“Türklüğü romantizm, tarih ve edebiyat şuuru ile harmanlayan bir isim söyleyin” desem; Nihal Atsız’dan gayrı kim akla gelir?!. 70 yıllık ömrü, ancak Türklüğe meftunlukla özetlenen Bilge Atsız Ata’yı minnetle anıyorum. Atsız Ata şiirleri, roman ve makaleleri ile Türklüğün bilinç abidesidir. Atsız Ata için menkıbevi yazılar, yâd ve anma seremonileri arasında vurgulayacağım yegâne husus; onun ölümsüz bir Türk olduğunun yadsınamaz gerçekliği olabilir. Ezcümle, onu ifade ve hakkını teslim etme had ila kabiliyetini kendimde görmem!
Türkçülüğün kurumaz pınarı Atsız Ata’yı politik ve polemik hususlardan azade bir yere koymak icap ediyor. Elbette yaşadığı dönemle ilgili tespitleri, tarih şuurundan akan asri hakikatler, kahırlı bir ömür sürmesinin nedenlerini teşkil eder. Nurculuk dahi yobazlık hakkında gösterdiği kavi duruş umarım bugün daha iyi anlaşılır.
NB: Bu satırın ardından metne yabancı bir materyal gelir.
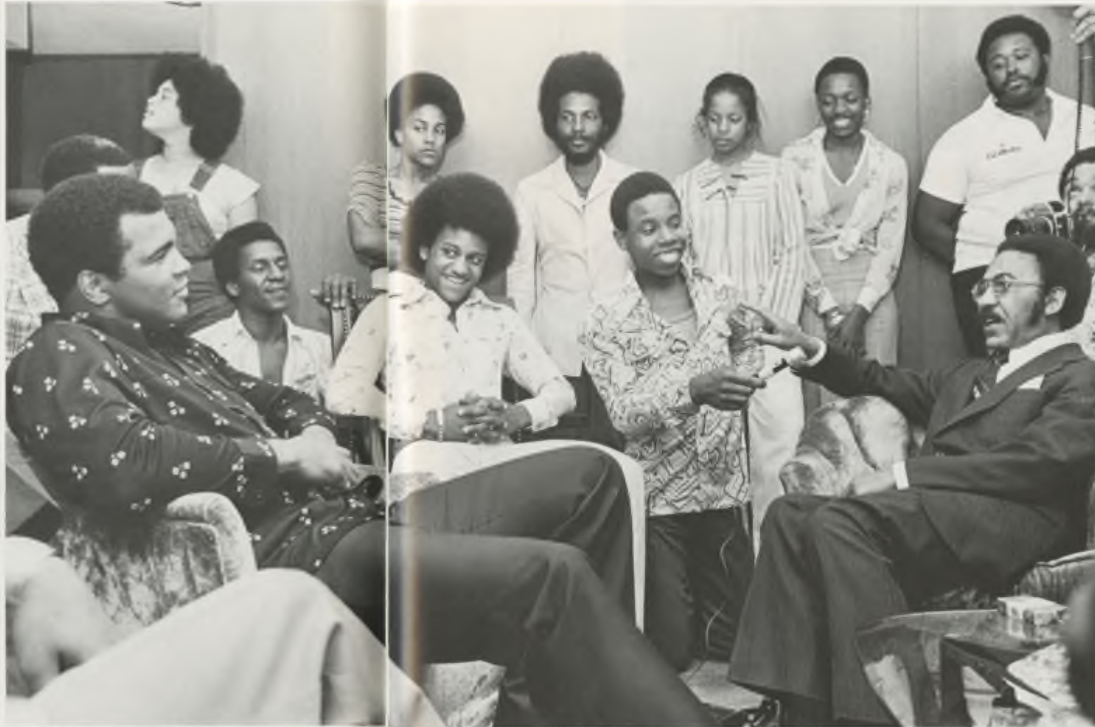
... with boxer Muhammad Ali.

O, Türk Devlet’inin kavi ve zinde halde kalmasının mutlak yolunu Türk kanının ve Türk idrakinin ahlak ile harmanlanmış mevcudiyetinde ararken; imdi kim Atsız Ata’yı kınayacaktır?
Türk Milliyetçileri halen Nihal Atsız’a sahip çıkacak, saygı duyacak noktada görünmüyor. Siyasal düzlemde ilgi alanımıza giren MHP mensuplarının tarih ve ırk meselinde kelam kabızlıkları, Atsız Ata’yı sağlam kaynak indinde görememeleri ile ilintilidir. İyi Parti’nin Türkçülük ve özelde Atsız hususunda ortaya ne koyacağını bilmiyorum!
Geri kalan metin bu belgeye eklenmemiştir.